### Required action
The task calls for the lines from the start of the entries below through the line with "布団カバーセット もこもこ 毛布", given again verbatim, with every picture dropped.

Start of Extracted entries

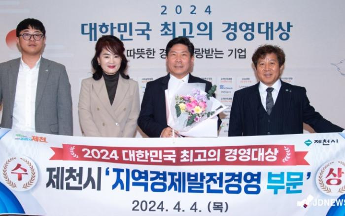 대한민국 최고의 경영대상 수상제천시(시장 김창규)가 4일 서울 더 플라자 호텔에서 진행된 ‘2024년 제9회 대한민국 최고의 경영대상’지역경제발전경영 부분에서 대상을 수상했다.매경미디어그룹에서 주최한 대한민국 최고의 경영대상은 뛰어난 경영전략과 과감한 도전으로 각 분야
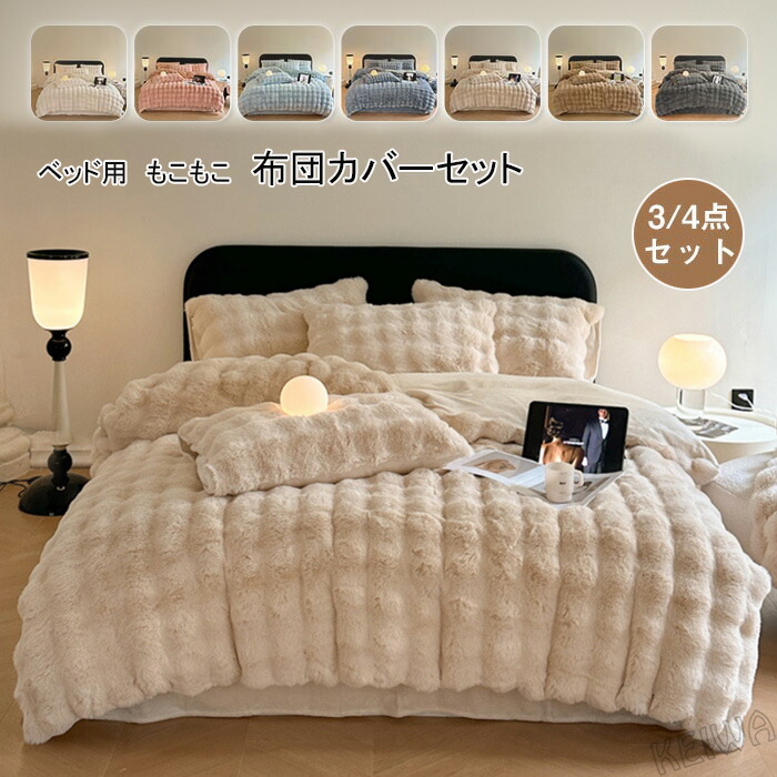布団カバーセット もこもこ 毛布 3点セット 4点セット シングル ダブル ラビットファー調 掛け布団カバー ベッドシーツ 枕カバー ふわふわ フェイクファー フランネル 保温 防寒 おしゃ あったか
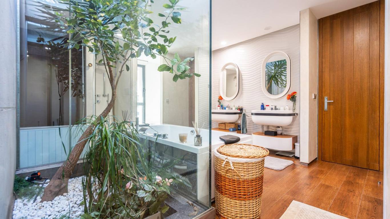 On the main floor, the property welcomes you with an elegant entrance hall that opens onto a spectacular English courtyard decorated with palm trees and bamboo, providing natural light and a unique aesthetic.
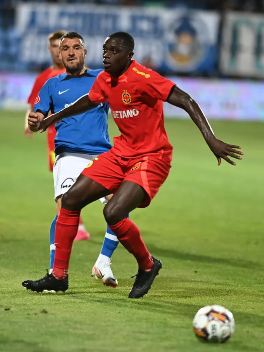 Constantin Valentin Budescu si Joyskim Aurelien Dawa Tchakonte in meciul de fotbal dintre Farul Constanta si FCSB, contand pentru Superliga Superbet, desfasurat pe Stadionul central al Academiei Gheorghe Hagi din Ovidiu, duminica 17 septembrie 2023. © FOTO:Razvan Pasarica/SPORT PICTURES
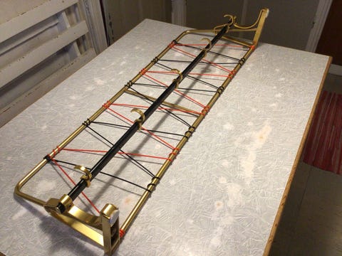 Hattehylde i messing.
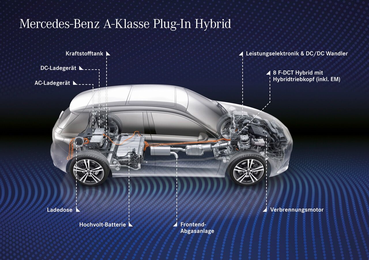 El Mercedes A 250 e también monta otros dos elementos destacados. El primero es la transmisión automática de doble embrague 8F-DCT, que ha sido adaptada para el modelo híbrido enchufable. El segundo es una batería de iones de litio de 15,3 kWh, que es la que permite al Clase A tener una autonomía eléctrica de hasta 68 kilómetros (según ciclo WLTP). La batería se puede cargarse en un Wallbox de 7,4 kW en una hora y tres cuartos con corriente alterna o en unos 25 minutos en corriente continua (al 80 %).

End of Extracted entries

### Solution below
 대한민국 최고의 경영대상 수상제천시(시장 김창규)가 4일 서울 더 플라자 호텔에서 진행된 ‘2024년 제9회 대한민국 최고의 경영대상’지역경제발전경영 부분에서 대상을 수상했다.매경미디어그룹에서 주최한 대한민국 최고의 경영대상은 뛰어난 경영전략과 과감한 도전으로 각 분야
布団カバーセット もこもこ 毛布 3点セット 4点セット シングル ダブル ラビットファー調 掛け布団カバー ベッドシーツ 枕カバー ふわふわ フェイクファー フランネル 保温 防寒 おしゃ あったか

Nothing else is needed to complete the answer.